— Prompt —
Only the lines from the one containing "税收优惠占归母净利润比例高:2016年占84% 2017年占48%" through the final line below belong in the output, copied exactly and without pictures.

— Supplied records —

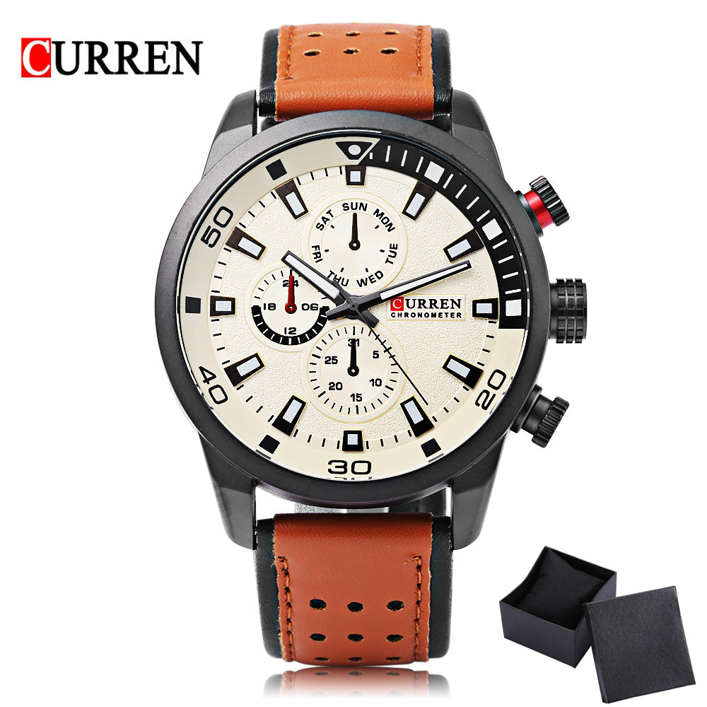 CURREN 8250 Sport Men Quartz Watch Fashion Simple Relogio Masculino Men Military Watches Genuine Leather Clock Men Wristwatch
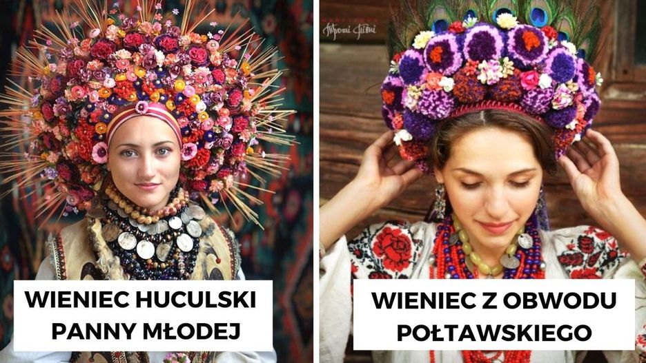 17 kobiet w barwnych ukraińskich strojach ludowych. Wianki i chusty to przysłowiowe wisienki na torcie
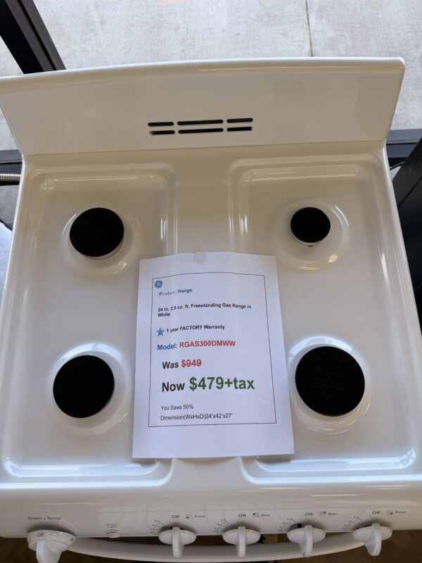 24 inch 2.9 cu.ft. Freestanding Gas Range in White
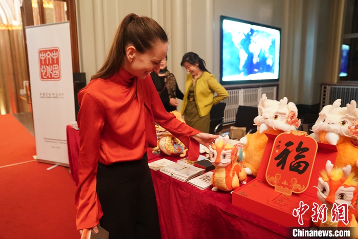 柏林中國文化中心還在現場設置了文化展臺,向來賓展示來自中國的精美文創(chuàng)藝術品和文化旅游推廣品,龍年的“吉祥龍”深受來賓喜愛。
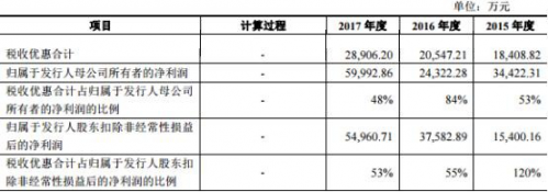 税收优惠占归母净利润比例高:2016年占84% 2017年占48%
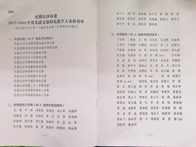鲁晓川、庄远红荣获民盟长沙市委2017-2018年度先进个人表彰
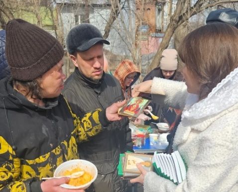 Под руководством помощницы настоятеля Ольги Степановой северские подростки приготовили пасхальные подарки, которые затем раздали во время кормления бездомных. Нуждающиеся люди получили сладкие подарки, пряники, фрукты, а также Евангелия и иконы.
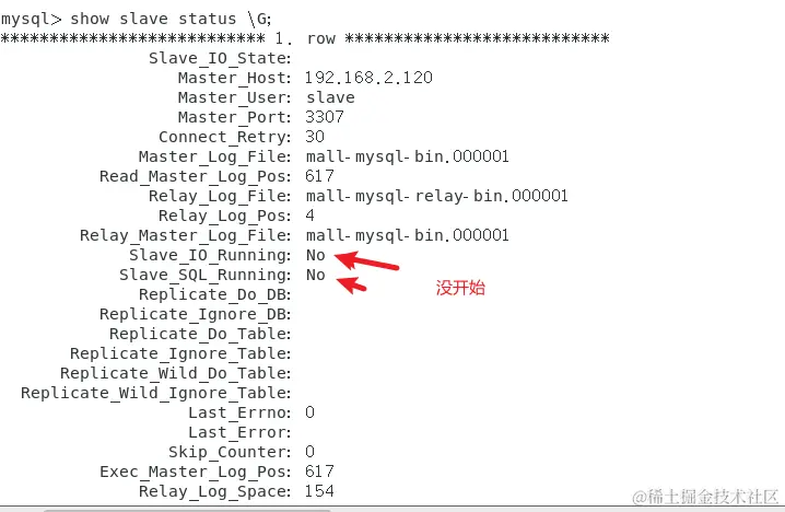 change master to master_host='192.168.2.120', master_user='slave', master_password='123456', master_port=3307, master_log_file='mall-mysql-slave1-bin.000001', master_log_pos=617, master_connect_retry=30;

— Written solution —
 税收优惠占归母净利润比例高:2016年占84% 2017年占48%
鲁晓川、庄远红荣获民盟长沙市委2017-2018年度先进个人表彰
 Под руководством помощницы настоятеля Ольги Степановой северские подростки приготовили пасхальные подарки, которые затем раздали во время кормления бездомных. Нуждающиеся люди получили сладкие подарки, пряники, фрукты, а также Евангелия и иконы.
 change master to master_host='192.168.2.120', master_user='slave', master_password='123456', master_port=3307, master_log_file='mall-mysql-slave1-bin.000001', master_log_pos=617, master_connect_retry=30;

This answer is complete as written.